You are a Senior Manager at the Advisory Services team on a Big Four firm. One of your most important clients, a prominent investment bank, is interested in offering a new cryptocurrencies investment portfolio for its customers, however, they are lost in the immense universe of cryptocurrencies. They ask you to help them make sense of it all by generating a report of what cryptocurrencies are available on the trading market and how they can be grouped using classification.

In this homework assignment, you will put your new unsupervivsed learning and Amazon SageMaker skills into action by clustering cryptocurrencies and creating plots to present your results.

You are asked to accomplish the following main tasks:

Data Preprocessing: Prepare data for dimension reduction with PCA and clustering using K-Means.
Reducing Data Dimensions Using PCA: Reduce data dimension using the PCA algorithm from sklearn.
Clustering Cryptocurrencies Using K-Means: Predict clusters using the cryptocurrencies data using the KMeans algorithm from sklearn.
Visualizing Results: Create some plots and data tables to present your results.
Optional Challenge: Deploy your notebook to Amazon SageMaker.

Files

crypto_clustering.ipynb

Instructions

Data Preprocessing

In this section, you will load the information about cryptocurrencies and perform data preprocessing tasks. You can choose one of the following methods to load the data:

Using the provided CSV file, create a Path object and read the file data directly into a DataFrame named crypto_df using pd.read_csv().
Using the following requests library, retreive the necessary data from the following API endpoint from CryptoCompare - https://min-api.cryptocompare.com/data/all/coinlist. HINT: You will need to use the 'Data' key from the json response, then transpose the DataFrame. Name your DataFrame crypto_df.

With the data loaded into a Pandas DataFrame, continue with the following data preprocessing tasks.

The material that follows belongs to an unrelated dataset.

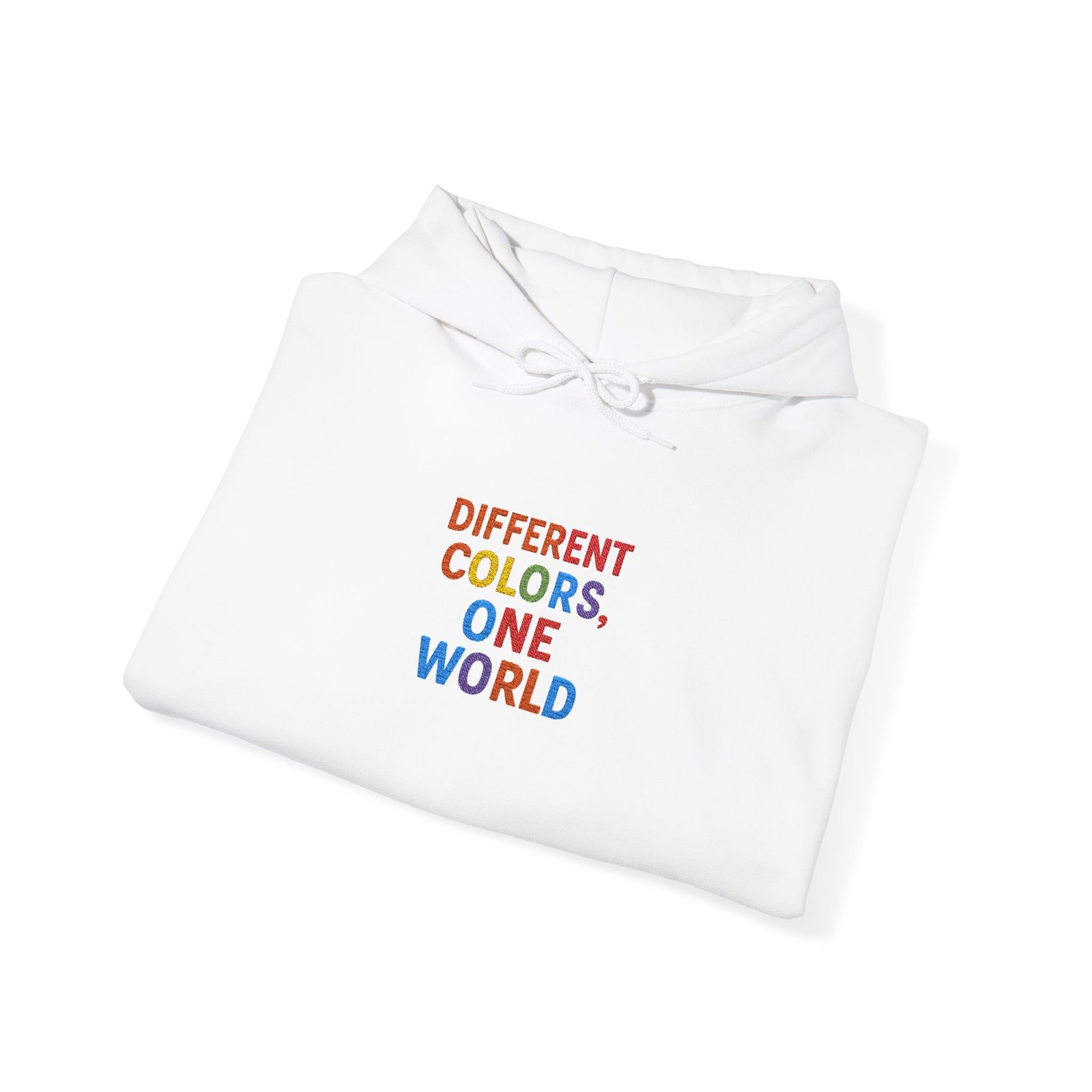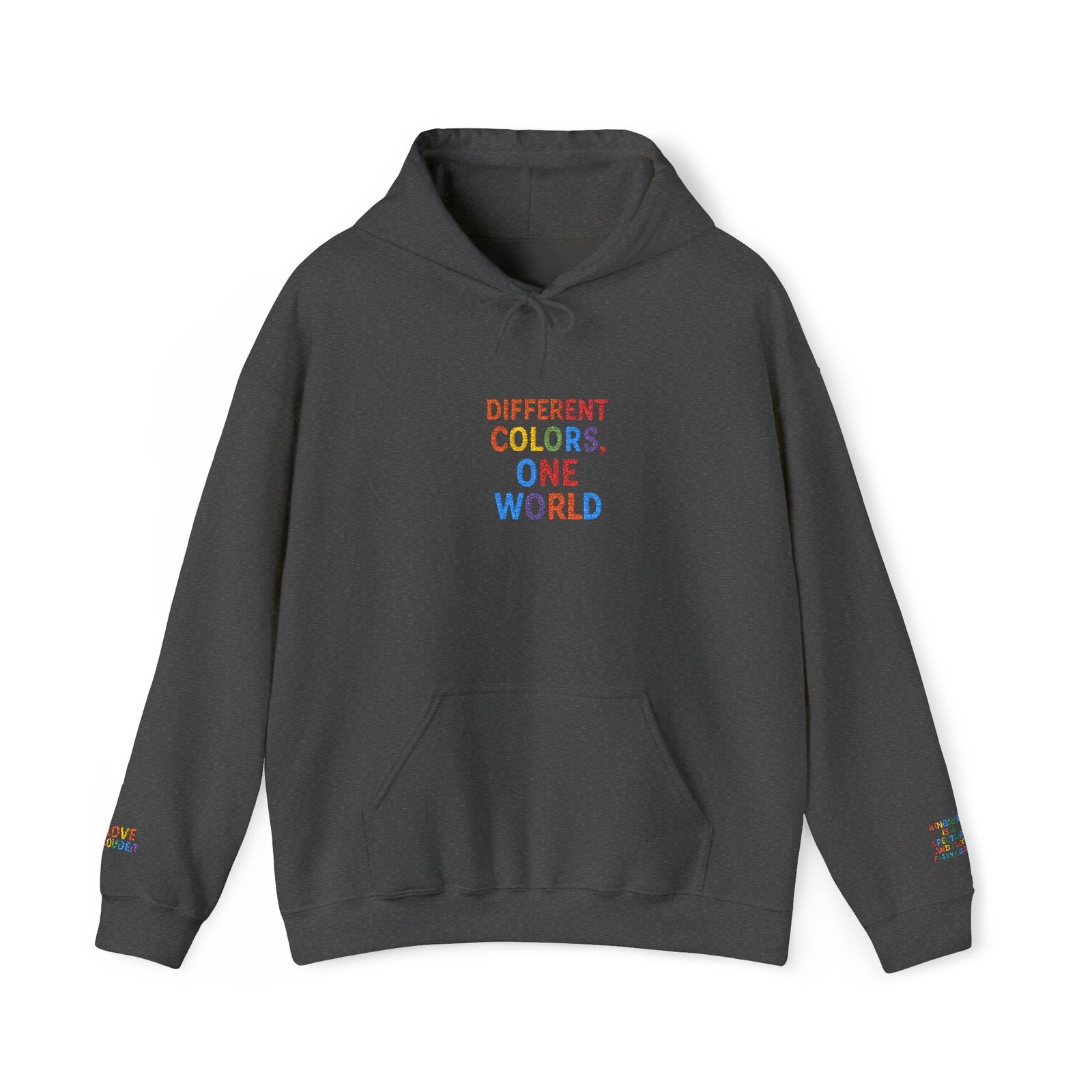 Stay cozy and stylish with this Unisex Heavy Blend™ Hooded Sweatshirt. Different colors representing one world with embroidered sayings on each arm. This hoodie is perfect for adults looking for a trendy and comfortable piece to add to their wardrobe. Ideal for casual wear, gifting, holidays, and everyday occasions.

Keep only the necessary columns: 'CoinName','Algorithm','IsTrading','ProofType','TotalCoinsMined','TotalCoinSupply'
Keep only the cryptocurrencies that are trading.
Keep only the cryptocurrencies with a working algorithm.
Remove the IsTrading column.
Remove all cryptocurrencies with at least one null value.
Remove all cryptocurrencies that have no coins mined.
Drop all rows where there are 'N/A' text values.
Store the names of all cryptocurrencies in a DataFrame named coins_name, use the crypto_df.index as the index for this new DataFrame.
Remove the CoinName column.
Create dummy variables for all the text features, and store the resulting data in a DataFrame named X.
Use the StandardScaler from sklearn to standardize all the data of the X DataFrame. Remember, this is important prior to using PCA and K-Means algorithms.

Reducing Data Dimensions Using PCA

Use the PCA algorithm from sklearn to reduce the dimensions of the X DataFrame down to three principal components.

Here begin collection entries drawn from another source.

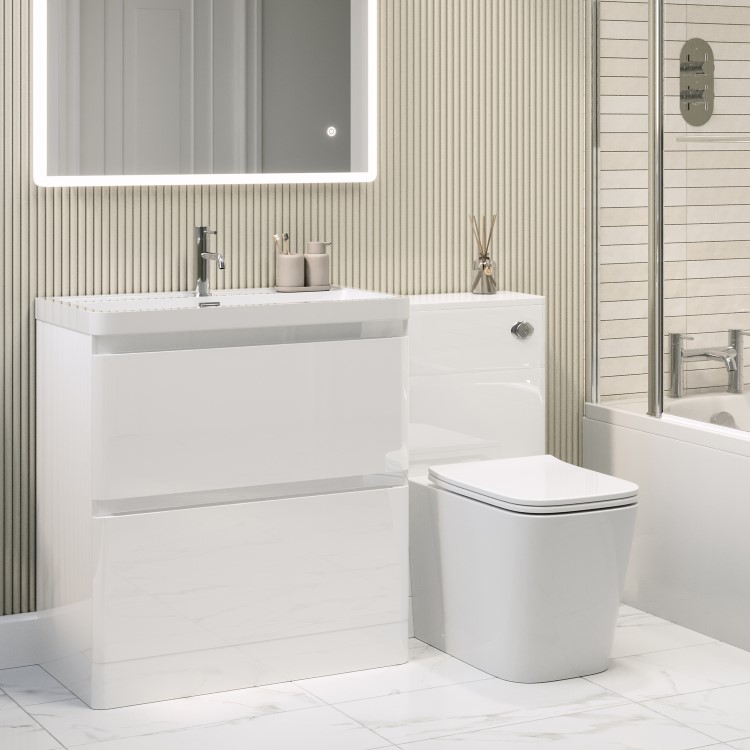 This pre-assembled set ensures a quick and stress-free installation. The toilet unit is designed to match the Pendle white gloss range, ensuring a cohesive look throughout your bathroom. It comes complete with a coordinating ceramic back-to-wall toilet in a sleek square shape and glossy white finish. The rimless bowl enhances hygiene and makes cleaning easier, while the soft-close seat with a quick-release function adds convenience and comfort. A concealed cistern with a dual flush system offers efficient water use, and the chrome push button flush plate provides a refined finishing touch that elevates the overall design. Whether you're renovating or refreshing, the Pendle unit delivers a smart, space-saving solution without compromising on style. While the unit is water-resistant, it isn't waterproof so we recommend wiping away any splashes or spills to help keep it looking its best and performing well over time.
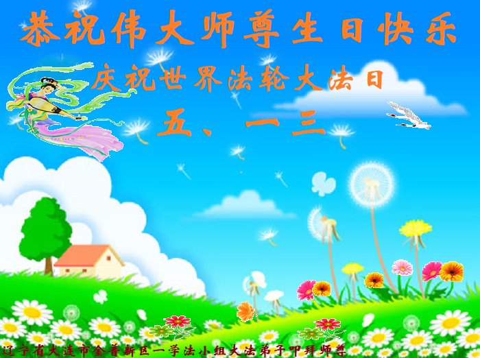 恭祝慈悲伟大师尊生日快乐! 庆祝世界法轮大法日! 辽宁省大连大法弟子恭祝师尊生日快乐!普天同庆世界法轮大法日!
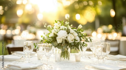 Elegant floral arrangement on a beautifully set outdoor table, illuminated by warm sunlight, perfect for weddings or special events.
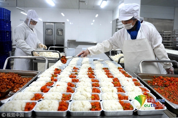 2017年7月17日,记者走进了北京铁路局石家庄站最新成立的12306互联网订餐配送中心,带您见证一盒“外卖”盒饭从制作到送达旅客座位上的全过程。
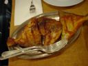 - 静から動へと転じるとはこのことか。カニのマサラ。手を使わずに食べることは不可能だろう。さすがにこれを食している時、皆の会話が止まる。皆しゃぶりついている。それにしてもやはりというかグレービー・ソースが秀逸。カニのエキスが十二分にグレービーにとけ込んでいる。と思いきやそのグレービーにとけ込んだエキスが、今度は身のほうにグッと入ってこれまた、足の部分等、エキスが溢れ帰っている。結構濃厚なイメージがあるだろうが、食べ口はあんがいさっぱりしている。グレービー・ソースは別皿にとりわけて、後でライスと混ぜ込んで食べるなんていうのも最高。(ピ)
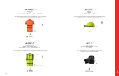 • odev s vysokou viditeľnosťou • vonkajšia strana fluorescenčný polyester • vnútorná strana bavlnená • rýchloschnúci fluorescenčný materiál • vystužené 2 predné panely • prešívaný, zľahka prehnutý šilt
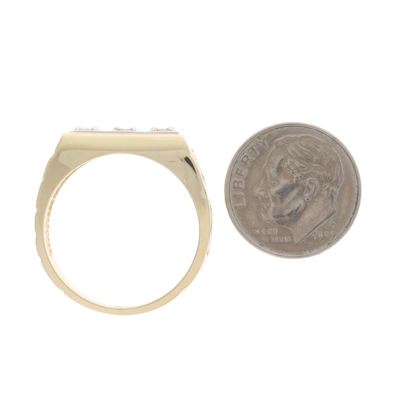 Yellow Gold Diamond Men's Ring - 10k Round Brilliant .25ctw Three-Stone Nugget
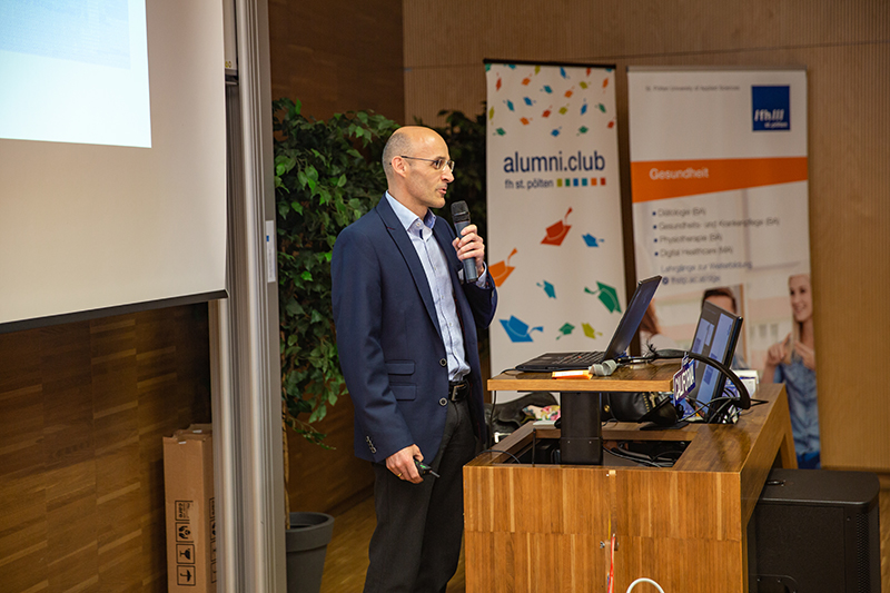Rund 80 Personen waren der Einladung gefolgt. Im offiziellen Teil des Abends referierte der Leiter des Departments Gesundheit, Jürgen Pripfl, über Veränderungen und Entwicklungen im Department Gesundheit, im Institut für Gesundheitswissenschaften sowie im Center for Digital Health Innovation. Bemerkenswerte Projekte der letzten Jahre sowie die im Jahr 2018 eingeworbenen Projekte wurden dabei vorgestellt.

Once you have reduced the data dimensions, create a DataFrame named pcs_df using as columns names "PC 1", "PC 2" and "PC 3"; use the crypto_df.index as the index for this new DataFrame.

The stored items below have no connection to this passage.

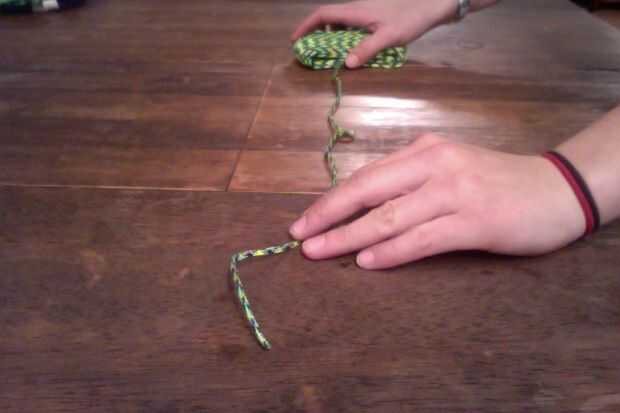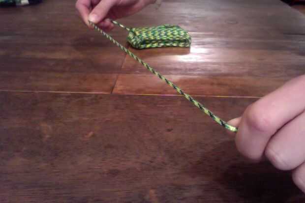 (Cuando se desvela el paracord, va fácilmente nudo si es recto de la bolsa. Tratar de suavizar la cadena como usted logra este paso.)
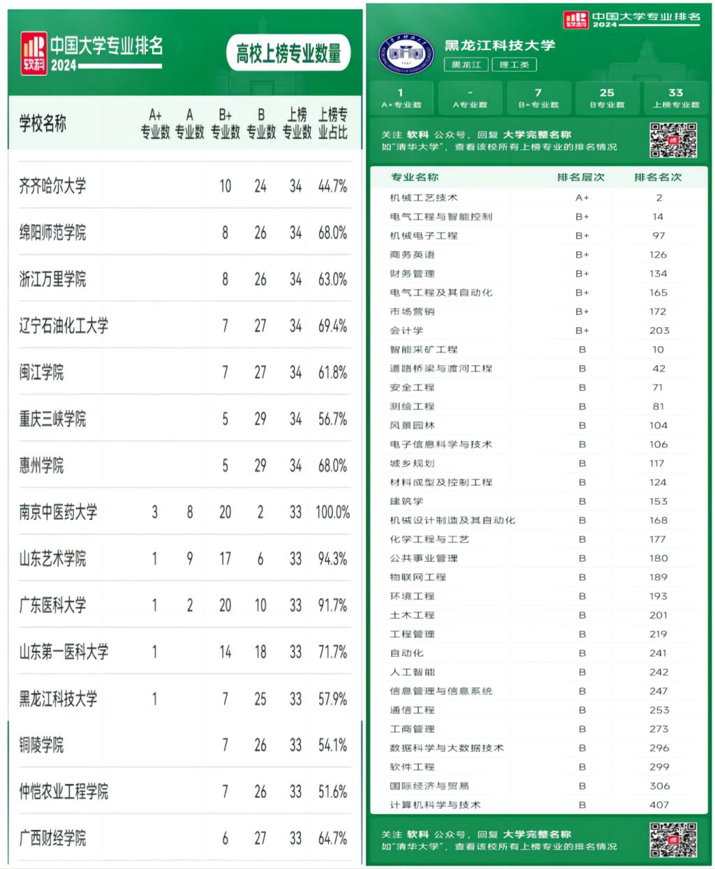 6月13日,高等教育专业评价机构软科正式发布2024“软科中国大学专业排名”。本次排名包括810个本科专业,共有1103所高校的31414个专业点上榜。【官网】专业建设排名层次稳步上升,33个专业上榜,其中机械工艺技术专业获评A+,排名名次提升至全国第2名,首次实现了A+专业零的突破。此外,B+专业数量较去年增加1个,目前已有7个专业获评B+,25个专业获评B。
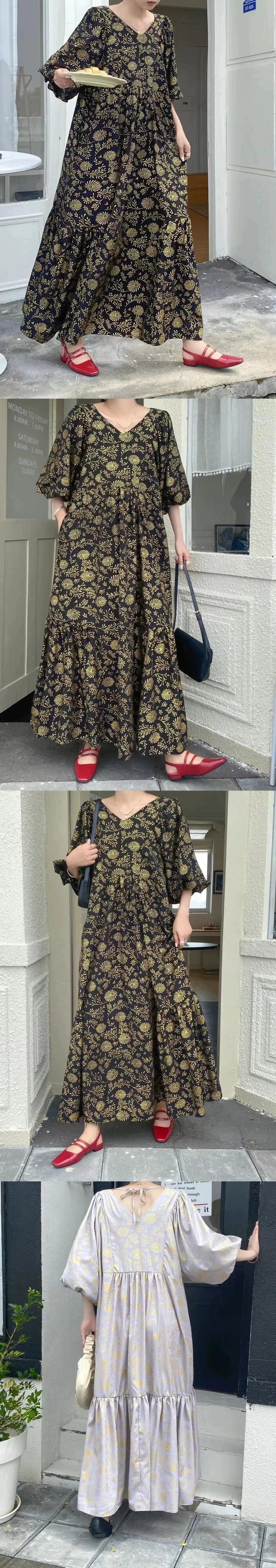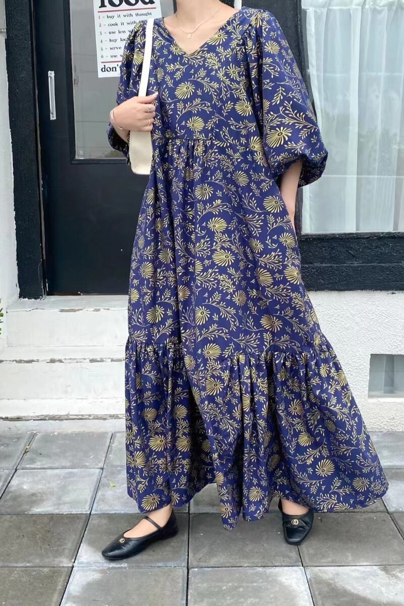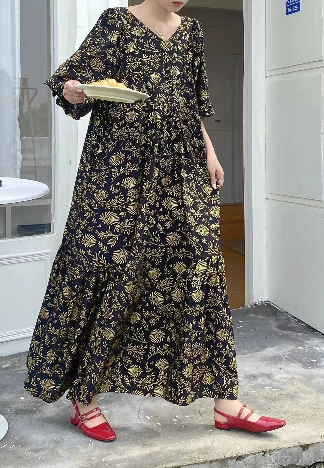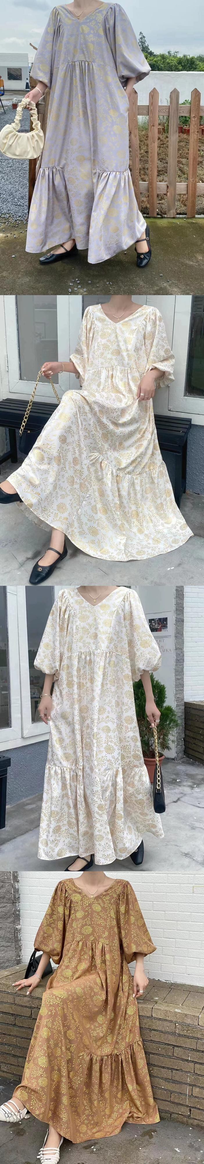 春夏バージョンの新しいファットMMゆったりとした大きいサイズで肉を覆い、薄いVネックのレトロなプリント気質を示すロングドレス 大きめサイズ スプリング 春物 サマー 夏物 cat846045713511
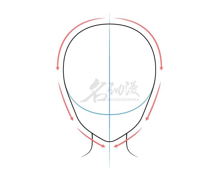 要点一:动漫人物通常有相当圆的脸。动漫脸的底部通常用两组主要线条绘制,一组从头顶向下延伸到嘴巴周围,另一组从那里延伸到下巴。下巴本身往往被画得完全尖尖或带有微小的曲线。如图所示:
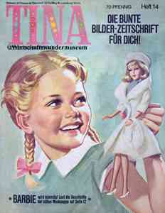 Zum Artikel auf Spiegel Online: www.spiegel.de  TINA – "Die bunte Bilder-Zeitschrift für Dich"Titel: "Barbie wird lebendig! Lest die Geschichte der süßen Modepuppe" - Comics z.B.: "Geheim-Agentin Jane Bond", "Weltraum Girls", "Jackie und die Wild Boys – Auf Jackies Traum vom Starruhm folgt ein böses Erwachen", "Gi-Gi das Zirkusmädchen und sein Pferd Go-Go", "Meine freundin Yam Yam", "Der Hengst Blacky" (1967)

You should have a DataFrame like the following:

Clustering Cryptocurrencies Using K-Means

In this section, you will use the KMeans algorithm from sklearn to cluster the cryptocurrencies using the PCA data.

Perform the following tasks:

Create an Elbow Curve to find the best value for k using the pcs_df DataFrame.
Once you define the best value for k, run the Kmeans algorithm to predict the k clusters for the cryptocurrencies data. Use the pcs_df to run the KMeans algorithm.
Create a new DataFrame named clustered_df, that includes the following columns "Algorithm", "ProofType", "TotalCoinsMined", "TotalCoinSupply", "PC 1", "PC 2", "PC 3", "CoinName", "Class". You should maintain the index of the crypto_df DataFrames as is shown bellow.

Visualizing Results

In this section, you will create some data visualization to present the final results. Perform the following tasks:

Create a 3D-Scatter using Plotly Express to plot the clusters using the clustered_df DataFrame. You should include the following parameters on the plot: hover_name="CoinName" and hover_data=["Algorithm"] to show this additional info on each data point.
Use hvplot.table to create a data table with all the current tradable cryptocurrencies. The table should have the following columns: "CoinName", "Algorithm", "ProofType", "TotalCoinSupply", "TotalCoinsMined", "Class"
Create a scatter plot using hvplot.scatter, to present the clustered data about cryptocurrencies having x="TotalCoinsMined" and y="TotalCoinSupply" to contrast the number of available coins versus the total number of mined coins. Use the hover_cols=["CoinName"] parameter to include the cryptocurrency name on each data point.

Optional Challenge

For the challenge section, you have to upload your Jupyter notebook to Amazon SageMaker and deploy it.

The hvplot and Plotly Express libraries are not included in the built-in anaconda environments, so for this challenge section, you should use the altair library instead.